The introduction of tax credits by Labour dramatically increased the number of low-income families paying no net tax (and brought about huge reductions in effective tax rates for millions of families – on a scale that dwarfs the effects of increasing the personal allowance).

Finally, what about the effect on public services? No-one minds a middle-class tax cut when we can afford it, but we are currently in the midst of the deepest welfare and public service cuts in living memory. And the coalition’s tax cuts are making these spending cuts far deeper than they need to be. Yet there has been no public debate about whether or not the resources should instead be used to stop cuts to frontline policing, retain Building Schools for the Future, or provide better equipment for our troops in Afghanistan.

No wonder the Lib Dems are trying to stick to the bogus claim that these tax cuts reflect some special concern for the poorest. Over the next year, we are going to see schoolchildren taken out of schools as their families are forced to move due to Housing Benefit cuts; disabled people trapped in care homes and unable to see their families because of DLA cuts; and single parents forced to leave their jobs because of cuts to financial support with childcare.

Next time you see Nick Clegg or Tim Farron emoting about the Lib Dems’ concern for the poorest, remember: all of these personal and social tragedies are less of a priority for them than income tax cuts.

52 Responses to “How long can the Lib Dems claim their tax policy helps the poorest?”

  1. etonstifles

    RT @leftfootfwd: How long can the Lib Dems claim their tax policy helps the poorest? http://bit.ly/fyf1BE by @TimJHorton & Howard Reed

  2. Jimmy

    Another brilliant piece from Tim Horton.
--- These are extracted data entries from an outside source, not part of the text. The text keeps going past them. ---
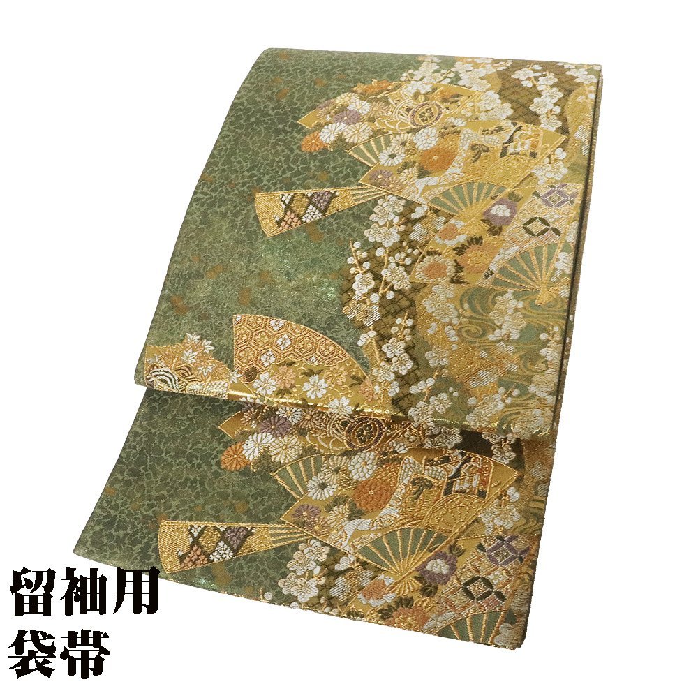 > 留袖用 袋帯 正絹 緑 金箔 梅 菊 桜 鼓 花菱 扇子文 Mサイズ F6695 美品 レディース シルク ギフト 七五三 結婚式 入学式 送料込み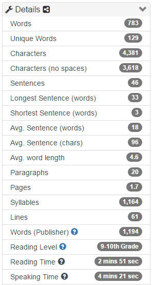 The amazing website has been my primary tool for checking word counts and measuring paragraph sizes. Not just for English, but Also Japanese and Arabic. Really easy to use and the user experience is great!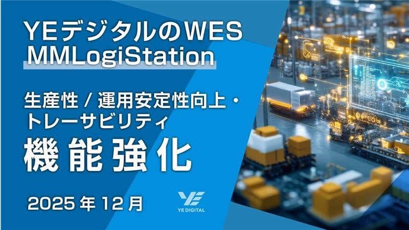 株式会社YE DIGITAL(本社:北九州市小倉北区、代表取締役社長:玉井裕治、以下「YEデジタル」)は、倉庫自動化システム「MMLogiStation」において、生産性の向上や運用の安定性向上に貢献する新機能を追加し、提供を開始しました。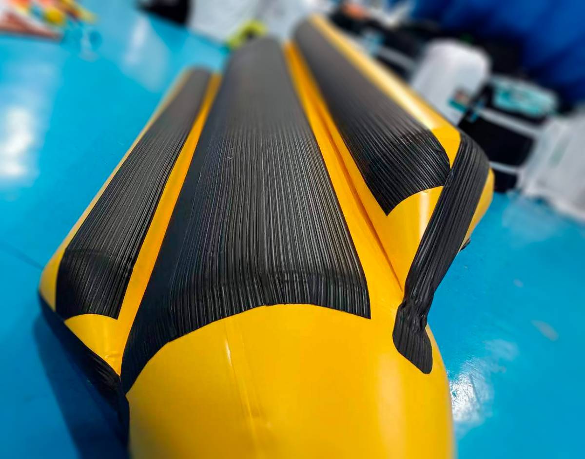 Корпус банана изготовлен из армированного непрозрачного ПВХ плотностью 1100 г/м² и толщиной 0,9 мм. Все швы сварены внахлест шириной 2,5 см, что делает конструкцию герметичной и устойчивой к внешним нагрузкам.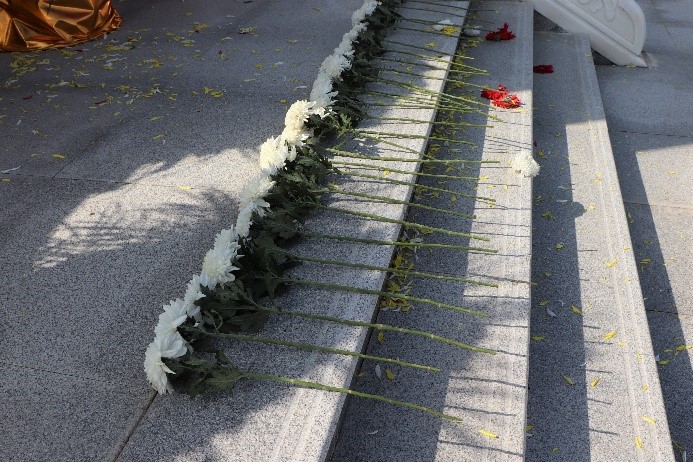 全体教师党员代表、学生代表依次向革命烈士纪念碑鞠躬、敬献鲜花,并肃立默哀。

Just when I thought my opinion of the Clegg-dems couldn’t get any lower….

  3. Will Straw

    Following Rachel Sylvester's Times op ed, @timjhorton & Howard Reed skewer idea that Lib Dems' tax policy is "fair" http://bit.ly/gfeLQT

  4. Chris Gudgin

    @hansguntersson RT @wdjstraw: …@timjhorton & Howard Reed skewer idea that Lib Dems' tax policy is "fair" http://t.co/orC7H5J

  5. Lewis Baston

    As the authors note, raising the threshold has a perfectly respectable Tory pedigree. Reggie Maudling as Chancellor did it in 1963. He saw it then as a more egalitarian and expansionary alternative to lowering the headline rate of income tax, which is what a lot of people on the backbenches and in the Treasury wanted him to do. Reggie took more people out of paying income tax than Clegg can dream of, and he didn’t do a regressive switch into purchase taxes either.